Bringing together cybersecurity experts from various domains, ETCISO Decrypt 2023 concluded its successful run at ITC Maratha in Mumbai on Thursday. With its focus on addressing the threat landscape, the event served as a dynamic platform for industry leaders and professionals to explore innovative strategies and foster collaborations in the field of cybersecurity.

The conclave brought together India’s top CISOs, CIOs, risk managers, enterprise architects, security managers, heads of mobility, IT heads, and data center heads. Their collective presence aimed at providing an immersive experience to proactively navigate the dynamic threat landscape and stay ahead.

Themed “Bracing the New Shift in Cybersecurity,” ETCISO Decrypt 2023 delved into the intricacies of data-driven security while harnessing the potential of cutting-edge technologies like AI and ML. The event gathered industry experts who shared insights on enhancing network security, fortifying Web Application Firewalls (WAF), safeguarding APIs, and future-proofing Security Operations Centers (SOCs).

The sessions ignited intellectual exchanges, stimulating the development of innovative strategies and broadening perspectives in the field.

Here are the key moments from the one-day conclave:

Shaping National Security through Cybersecurity

“I dream of a Digital India where cybersecurity becomes an integral part of national security,” said Lt Gen (Dr) Rajesh Pant, in his opening speech, quoting Prime Minister Narendra Modi’s vision of a Digital India where cybersecurity plays a vital role in national security.

Expressing concerns about the geopolitical influence on cybersecurity, he highlighted the rise of threat groups aligned with geopolitical interests. Lt Gen Pant drew attention to the future possibility of China creating its own internet, which he emphasized as unfavorable news for India.

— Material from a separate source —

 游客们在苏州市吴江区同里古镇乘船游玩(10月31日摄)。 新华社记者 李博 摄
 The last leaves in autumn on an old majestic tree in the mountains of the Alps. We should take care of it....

“The Internet, even today, is run on 13 route servers. China may create its own internet in the years to come, and that is not good news for India.”

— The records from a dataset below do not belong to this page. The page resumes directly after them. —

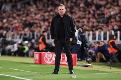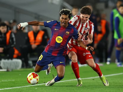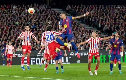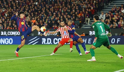 No le quedaba más remedio al Barça que chutar desde media distancia —un tiro de Fermín tocó el larguero— porque los balones cruzados por Raphinha tampoco encontraban rematador, pendiente como estaba Ferran de Lamine, bien tapado por la zaga de Simeone. Muy sometido, el Atlético tardó 26 minutos en llegar hasta Joan García y el portero sacó el disparo de Griezmann después de un fuera de juego a Ruggeri. Los rojiblancos no paraban de achicar y de correr detrás del abrasador Barcelona. El matiz de Simeone, que prescindió de Molina para poner a Llorente de lateral y a Cardoso en la medular, apenas tenía incidencia en un partido que el Barça dominaba desde la elaboración y la recuperación para desespero de Simeone.
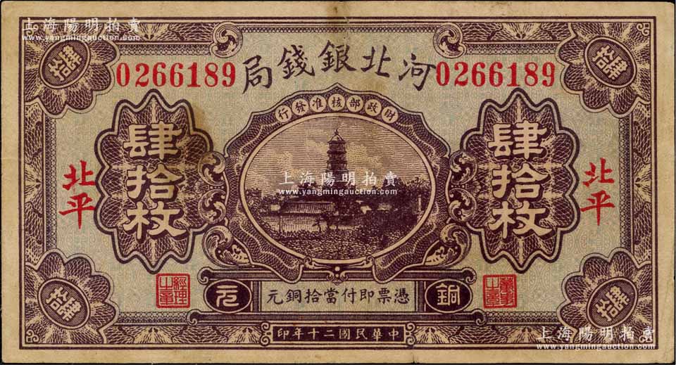 民国二十年(1931年)河北银钱局铜元肆拾枚,北平地名,上印宝塔图(后期券为房屋图),此年份券极为罕见;刘文和先生藏品,原票七五成新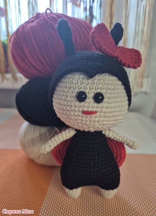 Итак, Божья коровка, пряжа Ярн Арт Джинс, крючок 1,5 , росточку 16 см с рожками.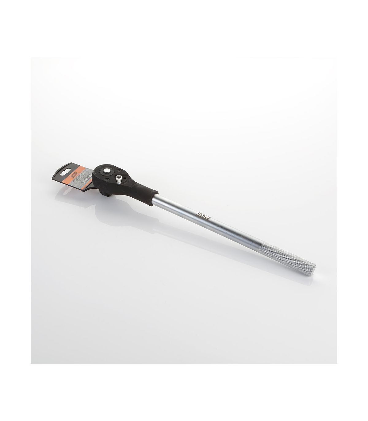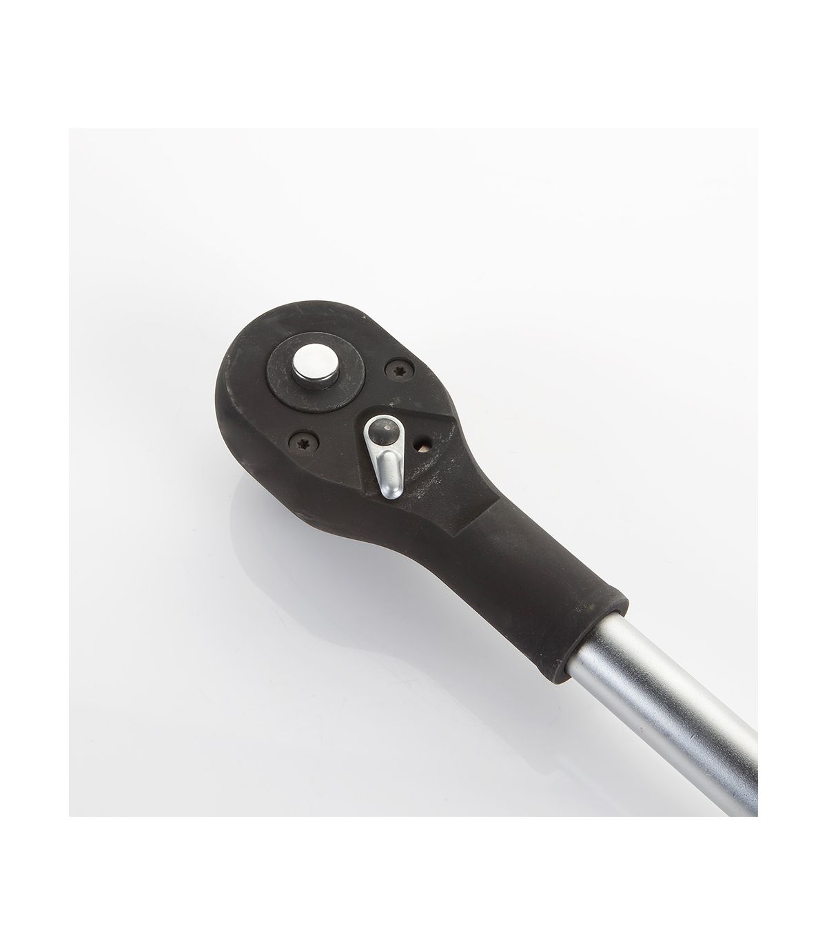 Clé à cliquet à entraînement carré de 3/4" en acier au chrome-vanadium, traitée thermiquement et chromée en surface, avec un mécanisme de rotation de 24 dents, avec un pas tous les 15 degrés. Le cliquet est doté d'un inverseur et d'un éjecteur de douille, ce qui lui confère une grande fiabilité et une capacité de serrage élevée. La tête du cliquet est amovible. Élément de serrage multifonctionnel, avec possibilité de serrage à droite et à gauche. Entraînement carré précis, qui s'adapte parfaitement à la clé à douille, avec une bille de retenue pour empêcher la douille de se séparer ou de tomber. Manche ergonomique de 52 cm en caoutchouc antidérapant pour une prise en main facile, un confort et une transmission optimale de la force aux vis. Très utile pour les opérations de serrage dans la mécanique lourde, la maintenance, les monteurs, les tracteurs, les camions, etc.

He also shed light on the lengthy process undertaken by the United Nations to establish cybersecurity norms and addressed the significant challenge of attribution in cyber attacks.

“About 40% of the attacks in India are coming from the US, although the source of the attack originates 2-3 hops before that. Companies like Google and Amazon will not disclose information on the source of traffic due to data protection requirements. This makes attribution a challenge,” said Pant.

Connectivity and Collaboration for CISOs

As the attack surface continues to expand, Hitesh Mulani, VP & Group CISO at Mahindra & Mahindra, emphasized the significance of connectivity and collaboration for CISOs.

“One of the most important things for CISOs is to stay connected—not just with the vendor community, but with the fraternity in which you work. You’d be surprised to see CISOs from rival companies reach out and share ideas. Cross-pollinate the knowledge of your teams with others,” he said.

To stay ahead of the curve, CISOs should adhere to technical expertise and their roles in stakeholder management and effective communication.

“CISOs must be risk managers and not technical security managers. Today, we’re getting a seat at the board. This is because we were able to influence business decision-making. Lastly, think of the threat landscape five years down the line. Think of the digital transformation, how privacy aspects will evolve, and how data protection mandates can change things,” said Sameer Ratolikar, Sr. EVP and CISO, HDFC Bank.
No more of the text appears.